--- What you will do ---
Drop every picture, then repeat the records exactly.

========

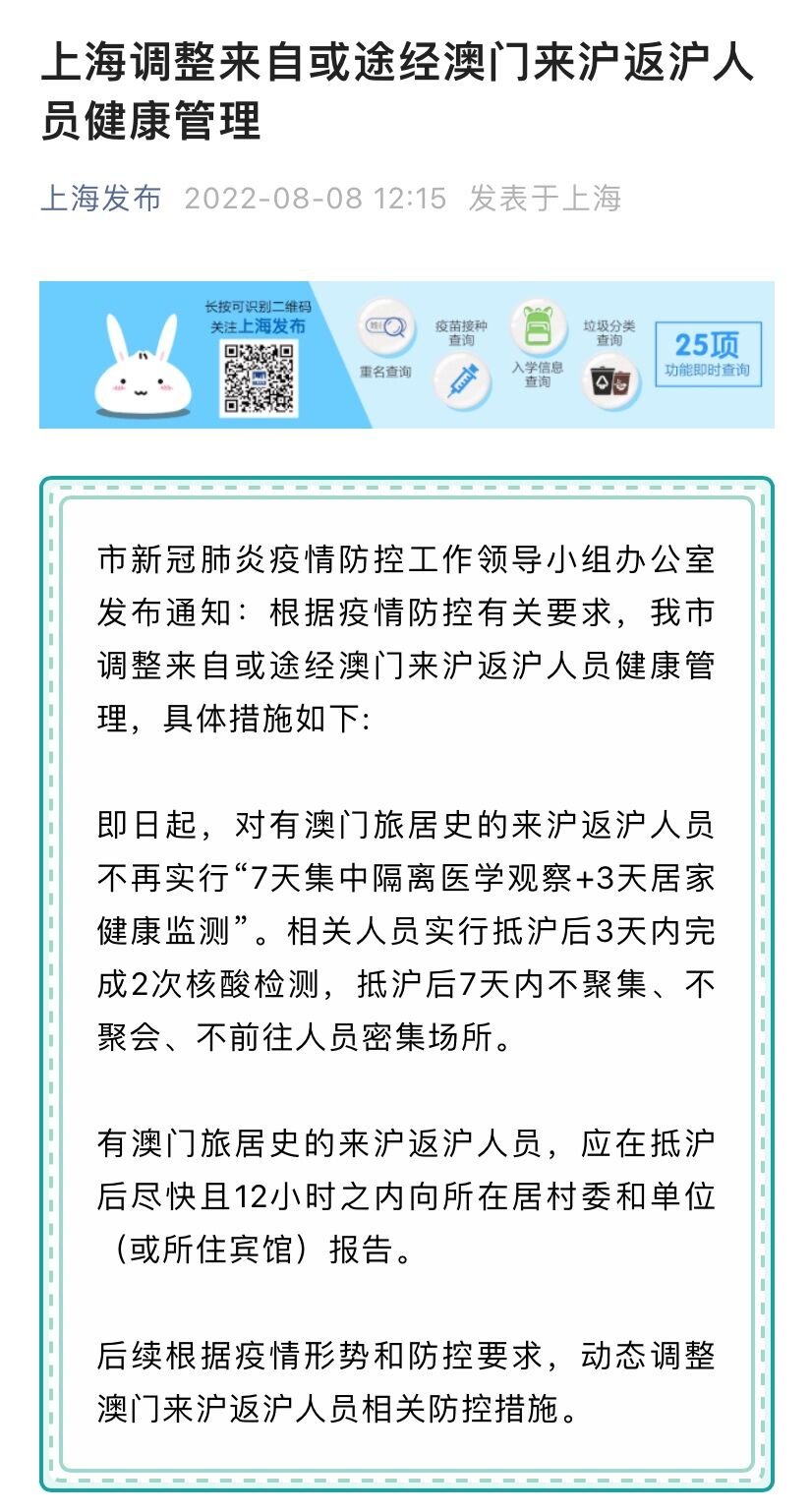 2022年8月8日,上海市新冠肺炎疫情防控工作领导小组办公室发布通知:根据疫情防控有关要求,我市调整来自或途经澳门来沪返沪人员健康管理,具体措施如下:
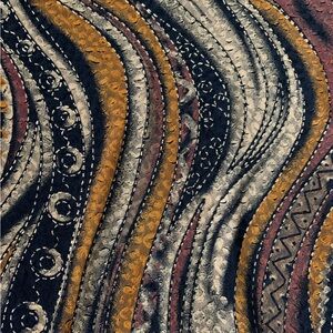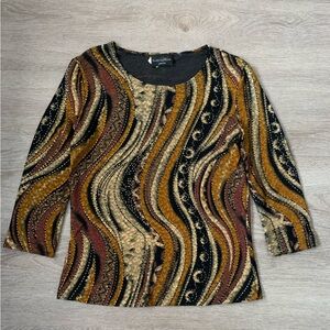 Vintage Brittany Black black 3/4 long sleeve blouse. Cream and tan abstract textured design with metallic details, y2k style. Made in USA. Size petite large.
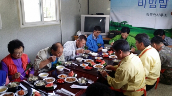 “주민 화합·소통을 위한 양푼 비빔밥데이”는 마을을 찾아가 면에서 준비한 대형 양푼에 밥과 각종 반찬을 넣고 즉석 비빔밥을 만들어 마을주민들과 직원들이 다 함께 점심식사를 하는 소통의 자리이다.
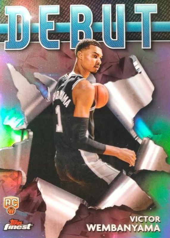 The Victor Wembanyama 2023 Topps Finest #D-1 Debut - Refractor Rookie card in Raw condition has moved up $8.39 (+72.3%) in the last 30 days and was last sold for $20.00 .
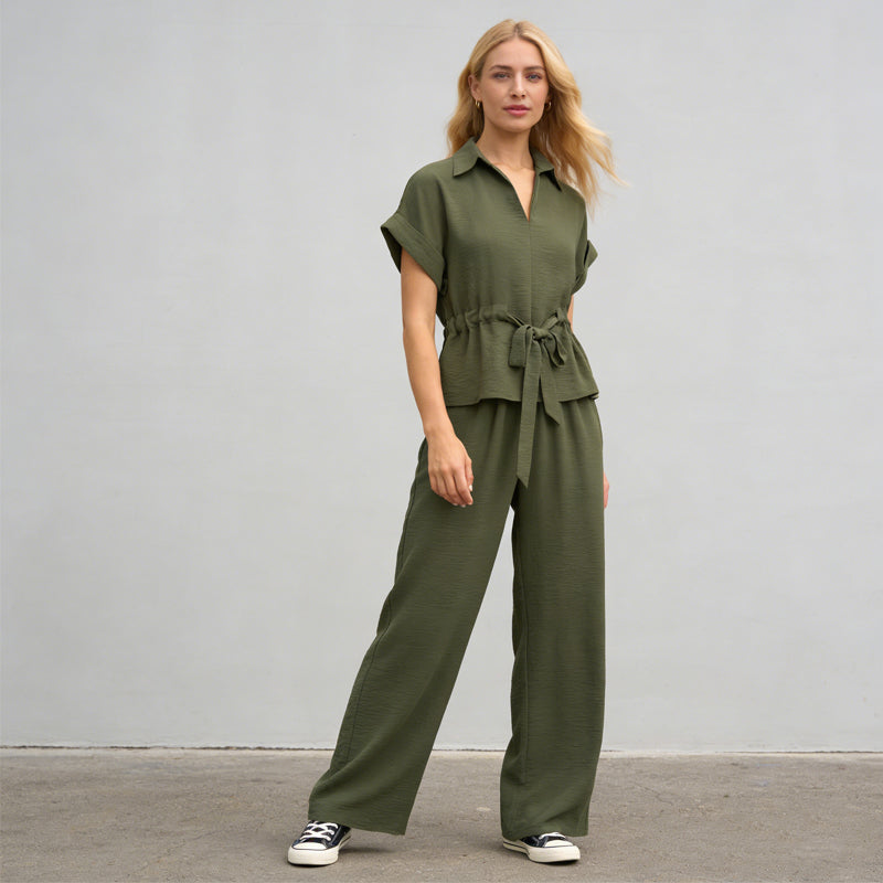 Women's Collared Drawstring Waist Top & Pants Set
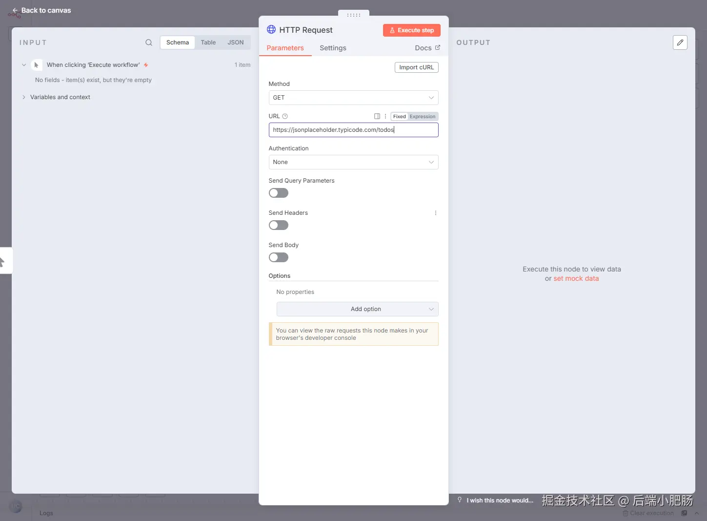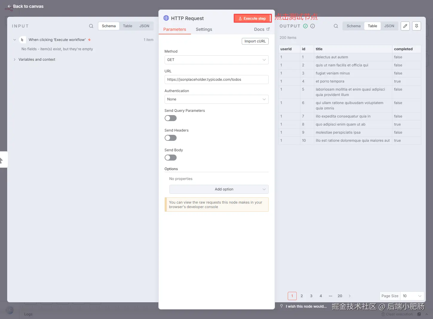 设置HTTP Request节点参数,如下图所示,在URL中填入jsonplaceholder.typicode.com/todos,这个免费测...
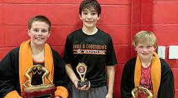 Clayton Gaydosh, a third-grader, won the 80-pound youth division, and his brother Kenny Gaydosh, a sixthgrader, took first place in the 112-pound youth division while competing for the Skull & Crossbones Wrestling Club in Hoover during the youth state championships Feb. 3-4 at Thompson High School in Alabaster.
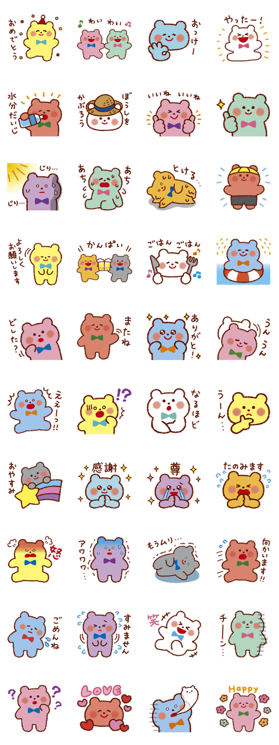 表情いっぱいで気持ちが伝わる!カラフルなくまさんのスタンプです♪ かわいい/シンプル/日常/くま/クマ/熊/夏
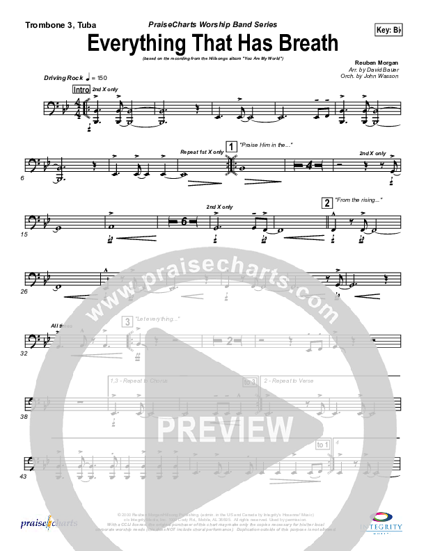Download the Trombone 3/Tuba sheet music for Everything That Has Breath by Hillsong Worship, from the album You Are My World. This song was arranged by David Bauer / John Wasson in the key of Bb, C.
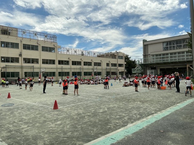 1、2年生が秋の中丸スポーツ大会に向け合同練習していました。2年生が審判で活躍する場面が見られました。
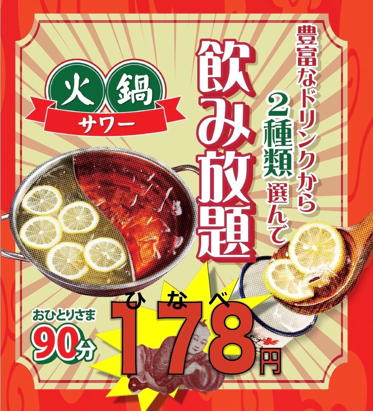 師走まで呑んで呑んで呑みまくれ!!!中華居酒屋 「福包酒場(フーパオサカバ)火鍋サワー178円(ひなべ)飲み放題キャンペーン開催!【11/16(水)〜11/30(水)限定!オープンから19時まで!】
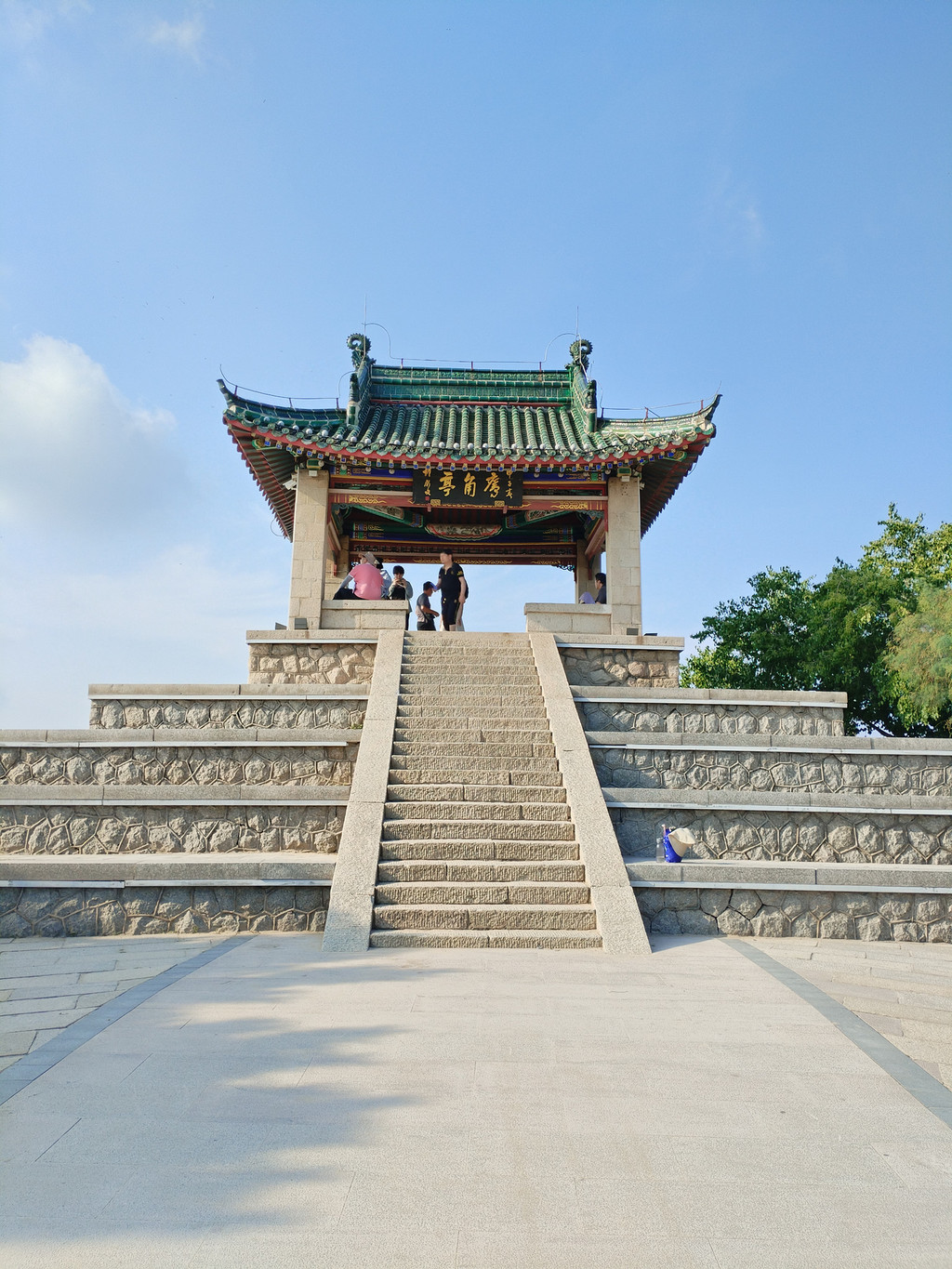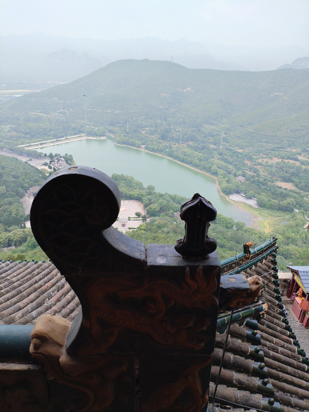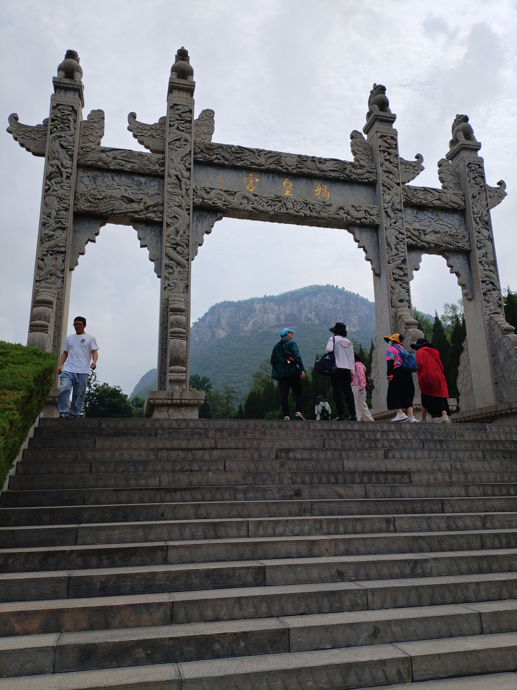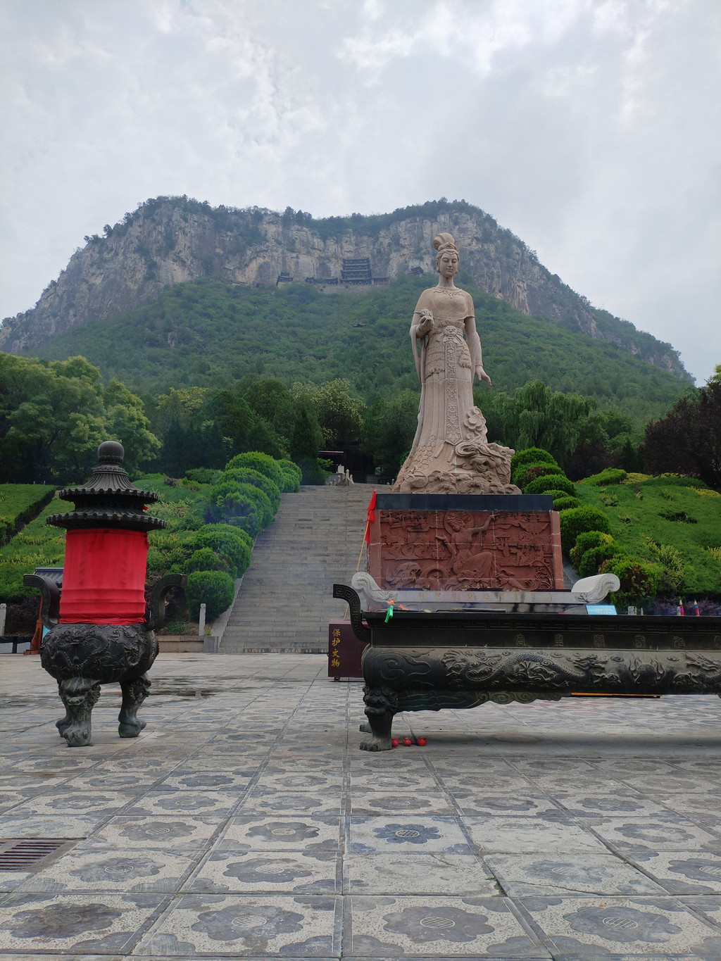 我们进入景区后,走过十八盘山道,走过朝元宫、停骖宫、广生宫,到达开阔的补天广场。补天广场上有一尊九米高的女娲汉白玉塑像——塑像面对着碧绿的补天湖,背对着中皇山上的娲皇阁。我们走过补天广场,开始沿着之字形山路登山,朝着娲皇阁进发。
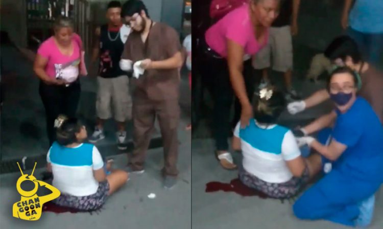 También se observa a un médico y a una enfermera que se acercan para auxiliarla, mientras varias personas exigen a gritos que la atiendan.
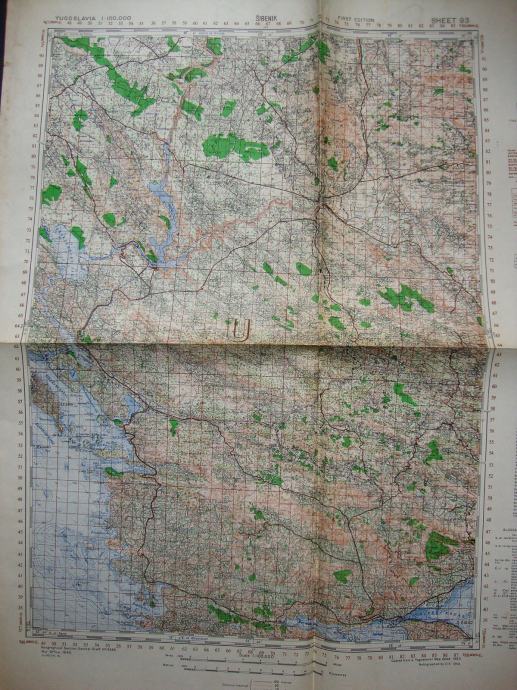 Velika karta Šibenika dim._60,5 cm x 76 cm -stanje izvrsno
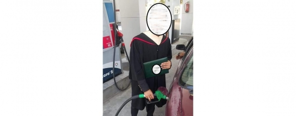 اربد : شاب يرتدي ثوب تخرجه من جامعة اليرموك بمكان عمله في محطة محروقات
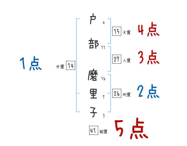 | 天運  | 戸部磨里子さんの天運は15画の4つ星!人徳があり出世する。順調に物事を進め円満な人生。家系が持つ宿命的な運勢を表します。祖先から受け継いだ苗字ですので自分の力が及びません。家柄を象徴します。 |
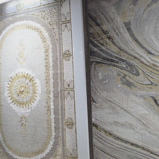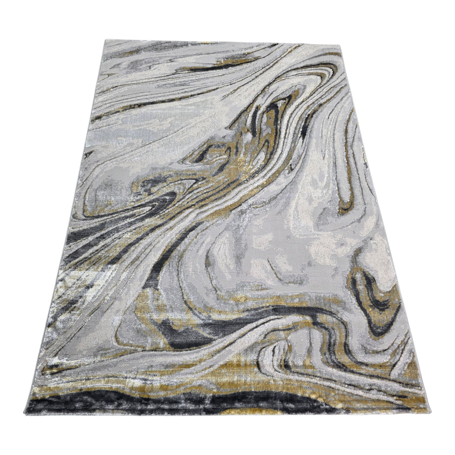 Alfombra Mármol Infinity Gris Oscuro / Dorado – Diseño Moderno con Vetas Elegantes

========

--- Exercise response ---
 2022年8月8日,上海市新冠肺炎疫情防控工作领导小组办公室发布通知:根据疫情防控有关要求,我市调整来自或途经澳门来沪返沪人员健康管理,具体措施如下:
 Vintage Brittany Black black 3/4 long sleeve blouse. Cream and tan abstract textured design with metallic details, y2k style. Made in USA. Size petite large.
 “주민 화합·소통을 위한 양푼 비빔밥데이”는 마을을 찾아가 면에서 준비한 대형 양푼에 밥과 각종 반찬을 넣고 즉석 비빔밥을 만들어 마을주민들과 직원들이 다 함께 점심식사를 하는 소통의 자리이다.
 The Victor Wembanyama 2023 Topps Finest #D-1 Debut - Refractor Rookie card in Raw condition has moved up $8.39 (+72.3%) in the last 30 days and was last sold for $20.00 .
 Women's Collared Drawstring Waist Top & Pants Set
 设置HTTP Request节点参数,如下图所示,在URL中填入jsonplaceholder.typicode.com/todos,这个免费测...
 Clayton Gaydosh, a third-grader, won the 80-pound youth division, and his brother Kenny Gaydosh, a sixthgrader, took first place in the 112-pound youth division while competing for the Skull & Crossbones Wrestling Club in Hoover during the youth state championships Feb. 3-4 at Thompson High School in Alabaster.
 表情いっぱいで気持ちが伝わる!カラフルなくまさんのスタンプです♪ かわいい/シンプル/日常/くま/クマ/熊/夏
Download the Trombone 3/Tuba sheet music for Everything That Has Breath by Hillsong Worship, from the album You Are My World. This song was arranged by David Bauer / John Wasson in the key of Bb, C.
 1、2年生が秋の中丸スポーツ大会に向け合同練習していました。2年生が審判で活躍する場面が見られました。
 師走まで呑んで呑んで呑みまくれ!!!中華居酒屋 「福包酒場(フーパオサカバ)火鍋サワー178円(ひなべ)飲み放題キャンペーン開催!【11/16(水)〜11/30(水)限定!オープンから19時まで!】
 我们进入景区后,走过十八盘山道,走过朝元宫、停骖宫、广生宫,到达开阔的补天广场。补天广场上有一尊九米高的女娲汉白玉塑像——塑像面对着碧绿的补天湖,背对着中皇山上的娲皇阁。我们走过补天广场,开始沿着之字形山路登山,朝着娲皇阁进发。
 También se observa a un médico y a una enfermera que se acercan para auxiliarla, mientras varias personas exigen a gritos que la atiendan.
 Velika karta Šibenika dim._60,5 cm x 76 cm -stanje izvrsno
 اربد : شاب يرتدي ثوب تخرجه من جامعة اليرموك بمكان عمله في محطة محروقات
 | 天運  | 戸部磨里子さんの天運は15画の4つ星!人徳があり出世する。順調に物事を進め円満な人生。家系が持つ宿命的な運勢を表します。祖先から受け継いだ苗字ですので自分の力が及びません。家柄を象徴します。 |
 Alfombra Mármol Infinity Gris Oscuro / Dorado – Diseño Moderno con Vetas Elegantes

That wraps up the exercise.